Слова Оливье теперь оправдались. После смерти друга родник, питавший внутренний огонь, иссяк не сразу, он стал течь с перебоями: то внезапными струйками пробивался наружу, то терялся под землею. Кристоф не обращал на это внимания — не все ли равно? Скорбь и зарождавшаяся страсть поглощали его мысли. Но когда миновала буря и он снова стал разыскивать родник, чтобы напиться, он не нашел ничего. Пустыня. Ни капли воды. Душа высохла. Тщетно пытался он рыть песок, заставить бить ключом подпочвенные воды, творить во что бы то ни стало, — механизм мысли отказывался работать. Он не мог призвать на помощь привычку, верную союзницу, которая, когда мы утрачиваем смысл жизни, одна остается подле нас; преданная и упорная, без единого лишнего слова, без единого жеста, с застывшим взором и сомкнутыми устами, твердой, недрогнувшей рукой она ведет нас по опасным теснинам до тех пор, пока снова не блеснет дневной свет и не появится вкус к жизни. Кристоф оставался без помощи, и рука его не встречала ничьей руки в окружавшей его тьме. Он не мог уже выйти на дневной свет.

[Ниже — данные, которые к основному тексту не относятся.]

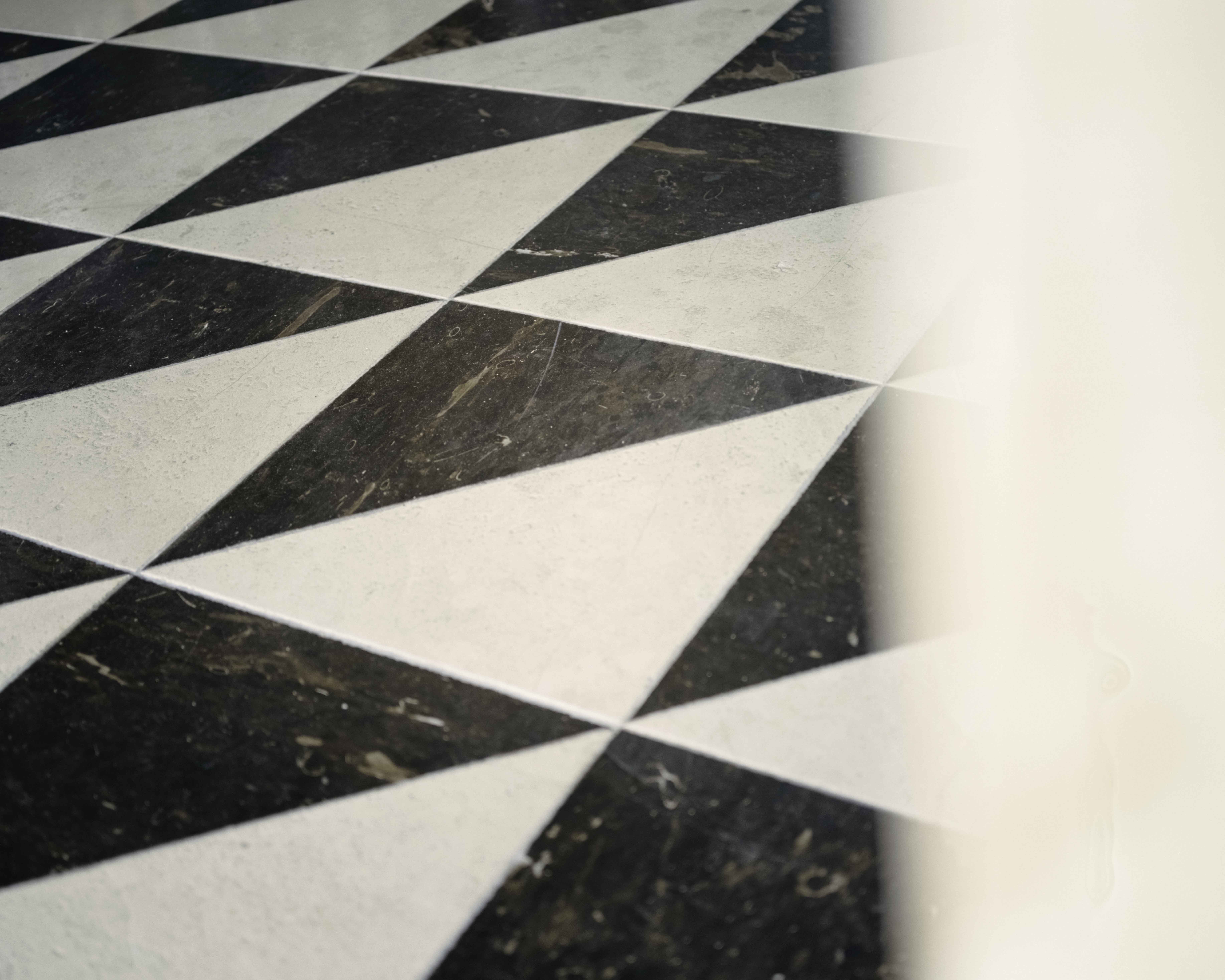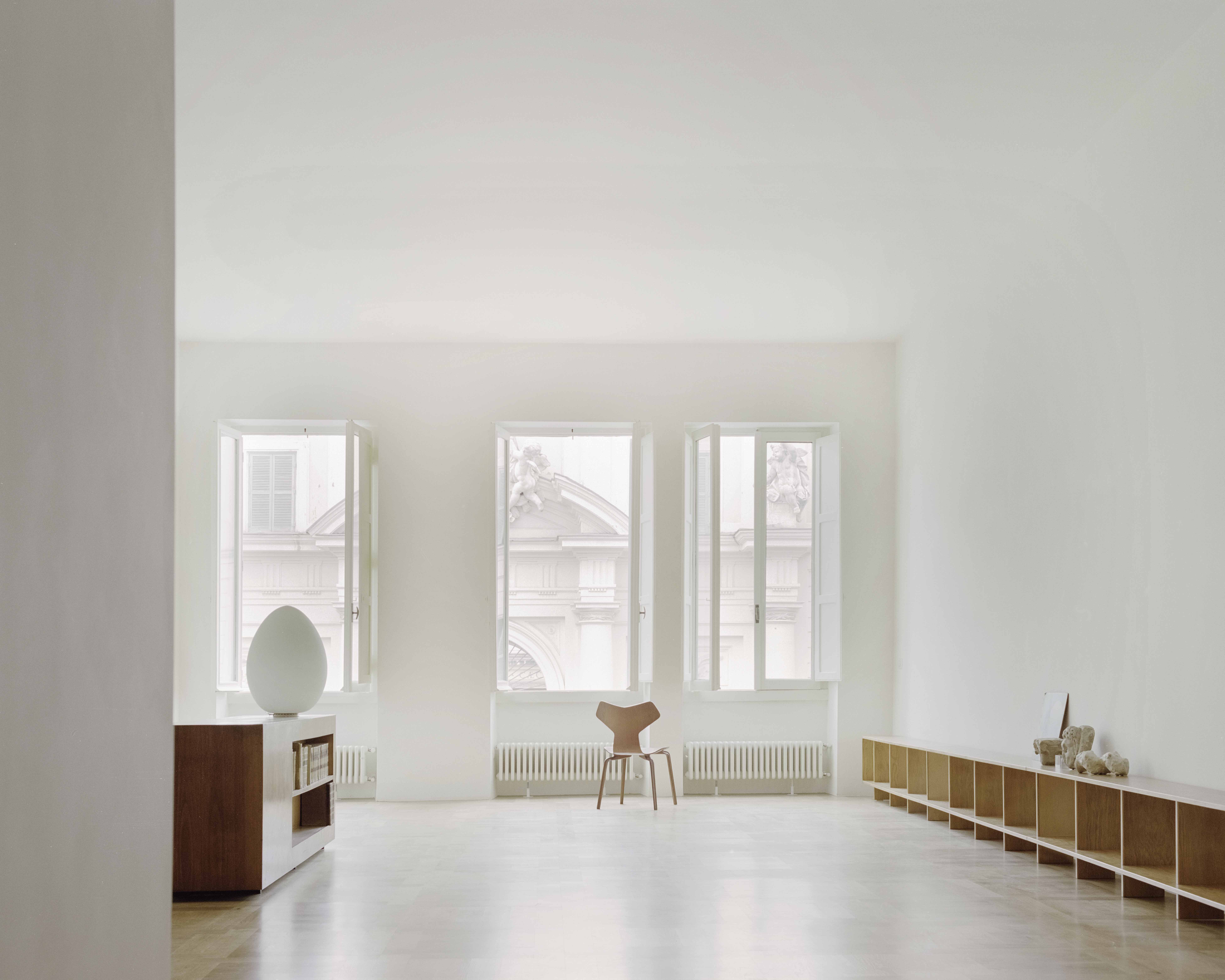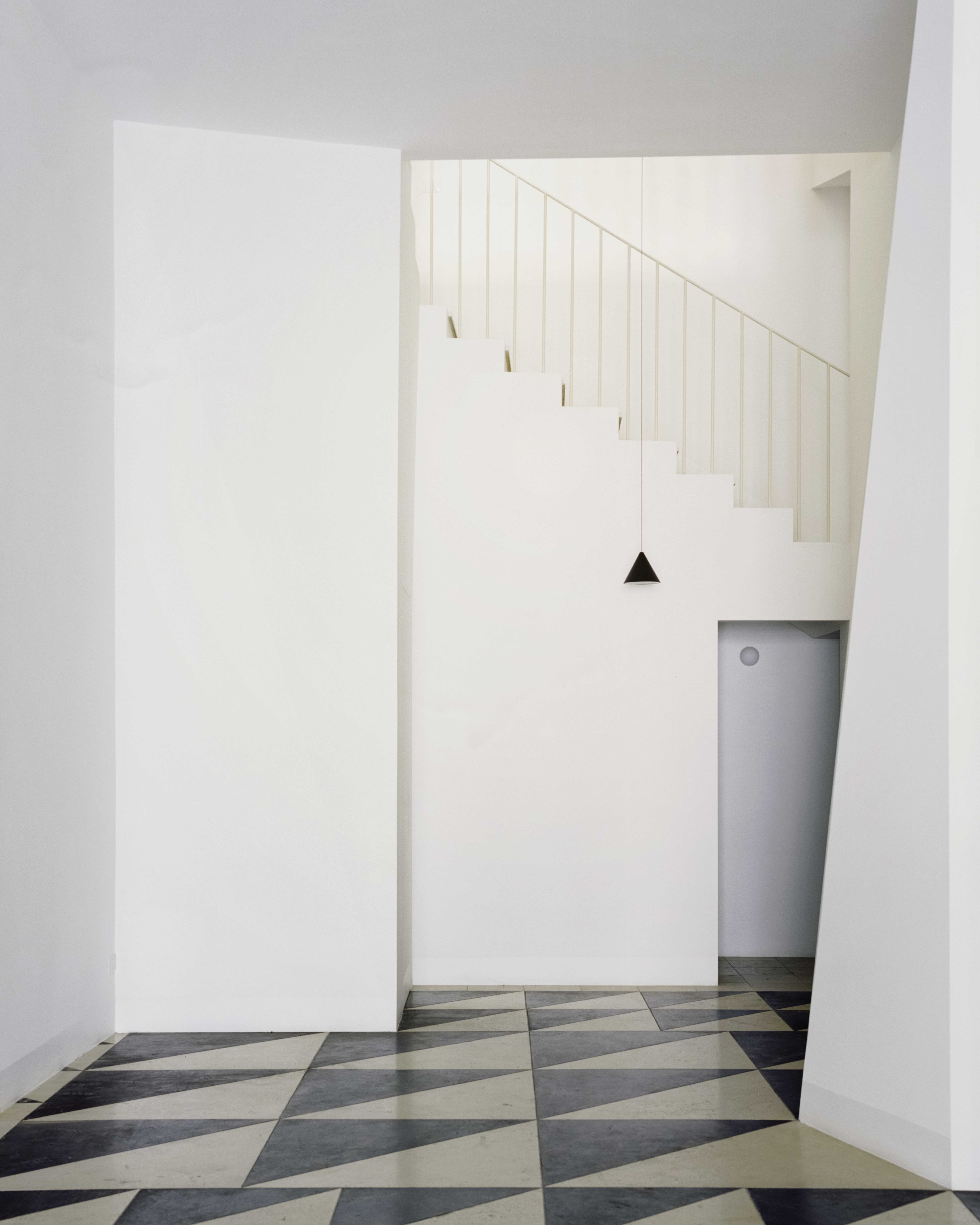 On the ground floor, the bichromatic Timpa Stone flooring changes in size and direction depending on the functional destination suggested by the space. It is inspired by the materials recurring in the basilica complex of Santa Cecilia and by the cobblestones of the square, as well as by the large geometric and polychrome flooring of the Roman period. Geometries and recurring measurements have defined the internal design of the rooms and objects.The geometric structure of the project (sometimes explicit and sometimes hidden) was confronted with the irregularities and inaccuracies of the lot; this has often suggested eccentric connection solutions. On the first floor, one finds a completely free and open space, that entrusts its identity to the spectacular external view through the three windows which form a triptych of the facade of the church in front.

Это было последнее испытание. Он почувствовал себя на грани безумия. Порою — нелепая и сумасшедшая борьба со своей мыслью, навязчивые идеи, одержимость числами: он пересчитывал доски на полу, деревья в лесу: цифры и аккорды, в которых ему не удавалось разобраться, сражались в его голове в полном боевом порядке. Порою он впадал в состояние прострации; ему казалось, что он умер.

вернуться

9

«Встань! Победи томленье, нет побед,
Запретных духу, если он не вянет,
Как эта плоть, которой он одет!..»
Тогда я встал; я показать хотел,
Что я дышу свободней, чем на деле,
И молвил так: «Идем, я бодр и смел!» (итал.)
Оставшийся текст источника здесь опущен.